April 6, 2006 at 11:21 AM #24016lewmanParticipantThanks. I think a bet on the revaluation of yuan would require patience. Interest rate differential is probably around 2% plus spread the bank charges. And from what we gather at this end, the chinese gov will resist as much as they can … so as not to follow the footstep of the japananese which allowed the yen to appreciate during the 80s that finally led to a huge bubble.
April 6, 2006 at 11:38 AM #24018powaysellerParticipantCan you elaborate, I didn’t understand, since I don’t know what happened with the yen in the 80s.

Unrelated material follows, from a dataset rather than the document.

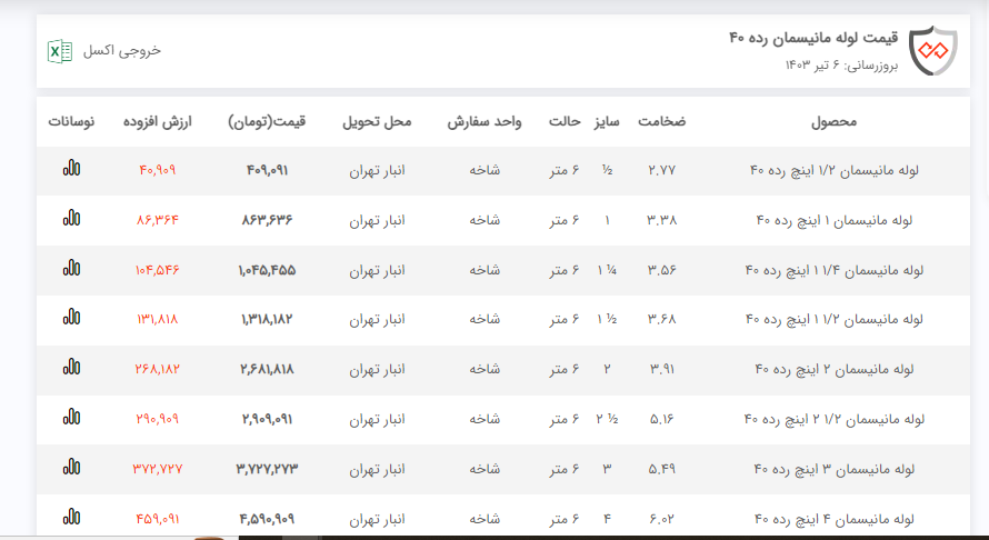 آذین سپهر الوند💫 #لوله مانیسمان 💯 🔴سایز1 اینچ رده20 برند وارداتی واحد شاخه 🔴سایز1/2 اینچ رده20 برندوارداتی واحدشاخه 🔴سایز3/4 اینچ رده20 برندوارداتی واحدشاخه 🔴سایز1/2 2 اینچ رده20 برندوارداتی واحدشاخه 🔴سایز2 اینچ رده20 برندوارداتی واحدشاخه 🔴سایز1/2 1 اینچ رده20 برندوارداتی واحدشاخه 🔴سایز3 اینچ رده20 برندوارداتی واحدشاخه 🔴سایز1/4 1 اینچ رده20 برندوارداتی واحدشاخه 🔴سایز4 اینچ رده20 برند وارداتی واحدشاخه 🔴سایز5 اینچ رده20 برندشوارداتی واحد شاخه 🔴سایز6 اینچ رده20 برندوارداتی واحدشاخه 🔴سایز8 اینچ رده20 برندوارداتی واحدشاخه ❗به دلیل نوسانات بازار برای تایید موجودی و قیمت وثبت سفارش تماس بگیرید❗ کانال تلگرام 🤳 https://t.me/azinsepehralvand سایت🌐 www.azinsepehrco.com ☎️☎️☎️☎️☎️☎️ 📞09132381828 📞09394117828 📞03152467528 https://t.me/azinsepehralv

Also am reading that some Chinese senior officials would like to diversify out of the USD. Are Chinese concerned about the fallout to the Chinese economy as we enter our recession, as the American consumer cuts back drastically on spending in the next few years. Remember, the only way we could afford to buy all those Chinese goods if from home equity withdrawals. That game is over, and the last trickles of refinancings are now going on. March sales among US retailers was disappointing. What do you feel/read over in China about all this?

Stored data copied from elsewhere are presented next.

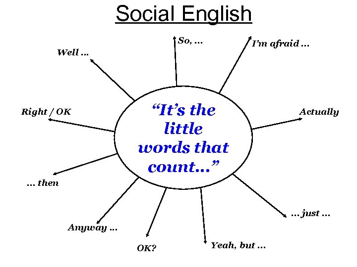 Social English So, . . . I’m afraid. . . Well. . . Right / OK “It’s the little words that count. . . ” Actually . . . then. . . just. . . Anyway. . . OK? Yeah, but. . .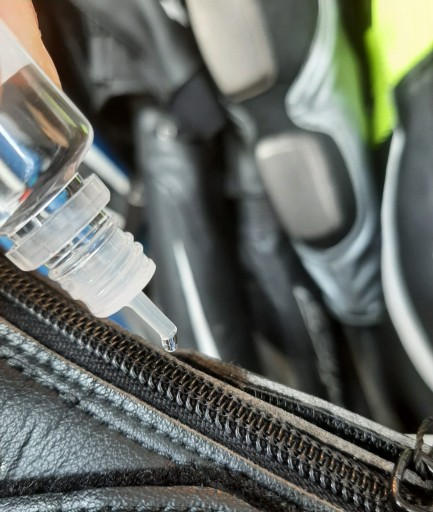 Za pomocą specjalnej końcówki preparat rozprowadzić po zasuniętym zamku błyskawicznym.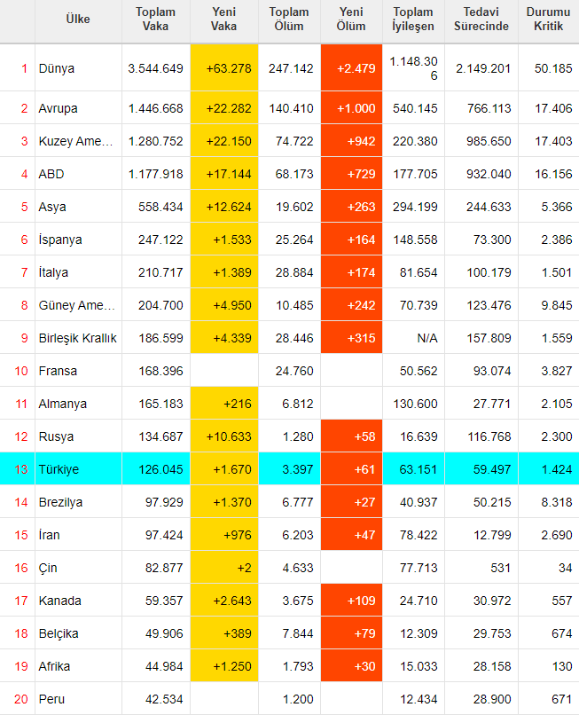 COVID-19 nedeniyle dünya genelinde ölüm oranı %7‘ye çıkmış durumda bulunuyor. İspanya, İtalya, Fransa, İngiltere, Belçika, Hollanda, İsveç, Cezayir ve Macaristan‘da ölüm oranının %10’un üzerinde olduğu görülüyor. Dünyadaki farklı ülkelerden günlük olarak çok sayıda yeni vaka bildiriliyor. 3 Mayıs itibarıyla dünya genelinde COVID-19 nedeniyle hayatını kaybedenlerin sayısı 247 bin oldu. Şu ana kadar tespit edilen 3 milyon 558 bin vakadan, 1 milyon 150 bin kişi tedavi edildi ve iyileşme oranı %32,3 oldu.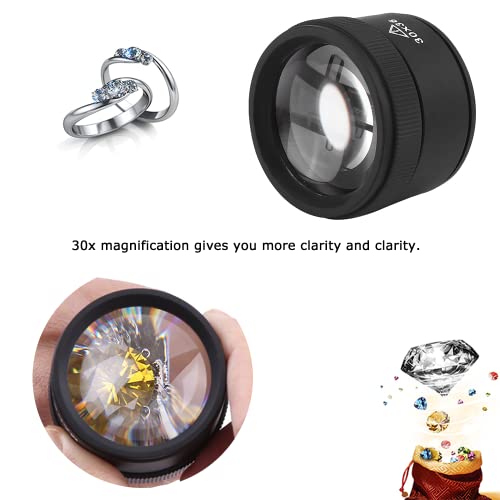 - 【30X Magnification】The magnifying glass with 30x magnification can give you a clearer view of tiny objects, allowing you to see the details of objects at a glance.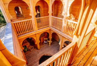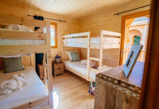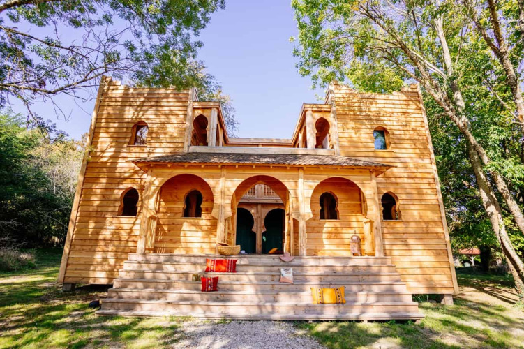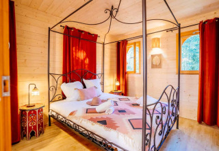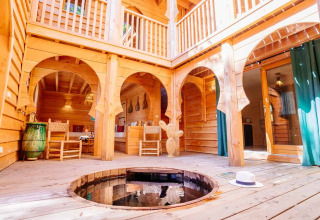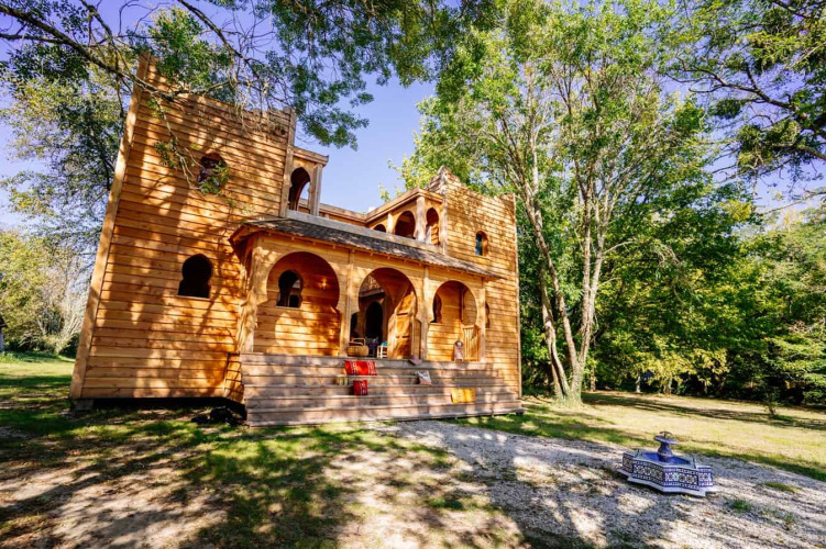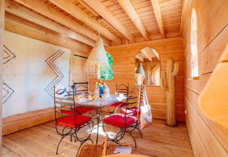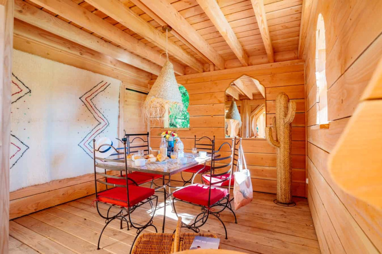 Step into a world full of color, fragrance, and atmosphere. This unique, custom-built wooden riad is inspired by the architecture of One Thousand and One Nights and offers an enchanting experience surrounded by nature. Inside, you'll find two separate bedrooms, a cozy dining area, and a fully equipped kitchen. The bathroom is stylishly designed, with a separate toilet for extra comfort.

April 6, 2006 at 8:12 PM #24038Jim BrubakerParticipantI can identify with 4plexowner. I share his views. I think that one thing needs to be pointed out, its not the banks that are going to “take it in the shorts,” its going to be the Mutual Funds that everyone is into.

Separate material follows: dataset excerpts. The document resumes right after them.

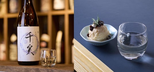 左) ●千瓢「千実」純米吟醸 (90ml) 1,100円 右) ●千瓢「千実」純米吟醸(90ml)&みりんレーズンアイス 1,650円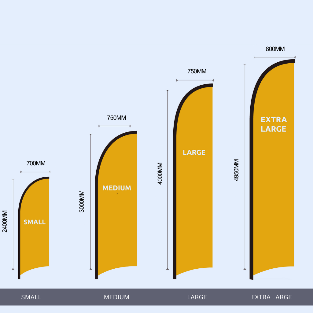 Single sided Feather Banner Flags use a 120gsm polyester material. Double sided Feather Banner Flags are printed onto 145gsm Blockout polyester material and 2 of these banner flags are sewn back to back.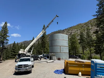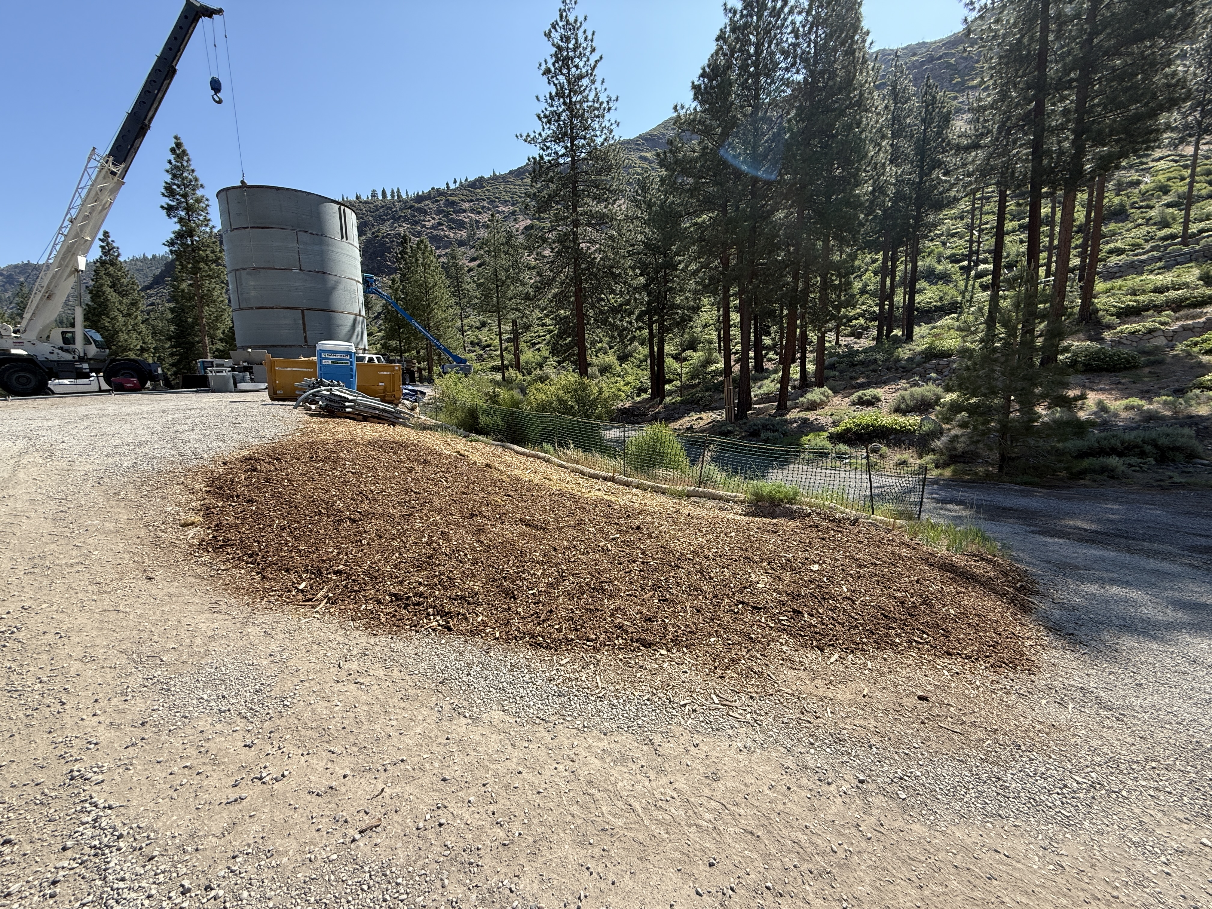 The image shows a site with visible efforts related to SWPPP erosion control. A large cylindrical tank is being maneuvered with the assistance of a crane. Nearby, there is a freshly mulched area that appears to be part of erosion control measures. The site is surrounded by trees and is on a gently sloping terrain.

They are not FDIC insured.Don’t accuse me of yelling fire in a movie theater,but the banks are not that stupid, its your Mutual Funds that are going to eat you alive. After all, 31,000 mutual funds linking to the S&P500 index with a index fund is a sheer lunacy. Using that option leaves them free to invest in real estate loans. If one goes down, they all go down.
April 6, 2006 at 10:12 PM #24049lewmanParticipantIf you’re my age (I’m moving towards the big 4 Os) or even more senior, you may remember Japan was king in the 80s when they were supposed to soon take over the world ? Well it turned out to be one big giant stock and property bubble that once bursted it took them more than a decade to recover; and judging by the stock index it’s still a loooong way to recovery. Some scholars said the bubble was partly caused by the appreciation of the yen. And there were press stories about chinese scholars warning about not following their footsteps.
Worries over a slow down in the US economy don’t seem to be an every day topic over here. If the public is worried about that I certainly haven’t felt it or at least it’s not headline material yet.
April 7, 2006 at 10:06 PM #24093powaysellerParticipantThe Washington Post article today summarized yesterday’s meeting, at which John Reich, director of the Office of Thrift Supervision, and John Dugan, Comptroller of the Currency, discuss the reasons for the new mortgage guidance. Is the American public listening?
“At yesterday’s meeting, Reich also warned that some lending institutions are making too many commercial real estate loans, a policy he noted has in the past “contributed to significant bank failures and instability in the banking system.”
John Dugan, comptroller of the currency, who also spoke at the meeting, echoed Reich’s concerns about the volume of commercial real estate lending. He also likened it to the lending pattern that preceded the savings and loan bailout of the early 1990s.”
Is anyone else thinking that the wave of warnings from government officials in recent days is a hint to the markets and the public about the inevitable mess that lies ahead? Does anyone remember government officials giving these warnings? I guess if the banks go down, no one can say they weren’t warned.
July 23, 2008 at 9:55 PM #245836bsrsharmaParticipantYou Know The Banking System Is Unsound When….
http://globaleconomicanalysis.blogspot.com/2008/07/you-know-banking-system-is-unsound-when.html
Very scary but rational and convincing analysis.
July 23, 2008 at 9:55 PM #245828bsrsharmaParticipantYou Know The Banking System Is Unsound When….
http://globaleconomicanalysis.blogspot.com/2008/07/you-know-banking-system-is-unsound-when.html
Very scary but rational and convincing analysis.